Using new insights to improve treatment
The new findings could help optimise future standard treatments. In laboratory experiments, the researchers were able to show that environmental factors, such as lack of oxygen in combination with signals from the tumor microenvironment can induce cancer cells to modify their characteristics.

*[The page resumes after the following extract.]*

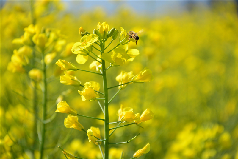 普威鎮(zhèn)龍?zhí)洞澹?000余畝成片生長、盛開的油菜花延綿不斷,到處黃燦燦的一片,蝴蝶蜂喧,令人賞心悅目、洋溢著勃勃生機的“鬧春圖”。

This microenvironment, the immediate surrounding of the cancer, comprises cells and molecules that influence the growth of the tumor. “Once we understand exactly what causes the plasticity of tumor cells, we can devise combination therapies which target the signals underlying plasticity and thereby improve the therapeutic impact,” underlines Dr. Golebiewska.
Collaboration and funding
The study is a collaborative work between the NORLUX Neuro-Oncology Laboratory and other research units and platforms at LIH. The researchers from LIH also worked in close collaboration with their long-term national partners to whom they are tightly connected through transversal research programmes: the Luxembourg Centre for Systems Biomedicine at the University of Luxembourg and the Department of Neurosurgery of the Centre Hospitalier de Luxembourg. Moreover, the project was carried out with international partners from the Technische Universität Dresden, Germany, the University of Heidelberg, Germany, and the University of Bergen, Norway. This joint undertaking of different research and clinical players gives a truly interdisciplinary dimension to the study.
The study is a major part of the AFR PhD thesis of Dr Anne Dirkse, co-first author on the publication, who was supported by an AFR PhD grant and a training grant from the Fondation du Pélican de Mie et Pierre Hippert-Faber (Fondation de Luxembourg). Furthermore, the work was supported by funding from LIH, Sächsisches Staatsministerium für Wissenschaft und Kunst (SMWK), Deutsche Krebshilfe and Deutsche Forschungsgemeinschaft (DFG).
The research team published its findings (open access) in Nature Communications in April 2019. (Dirkse, Golebiewska et al. Nature Communications 2019, DOI: 10.1038/s41467-019-09853-z).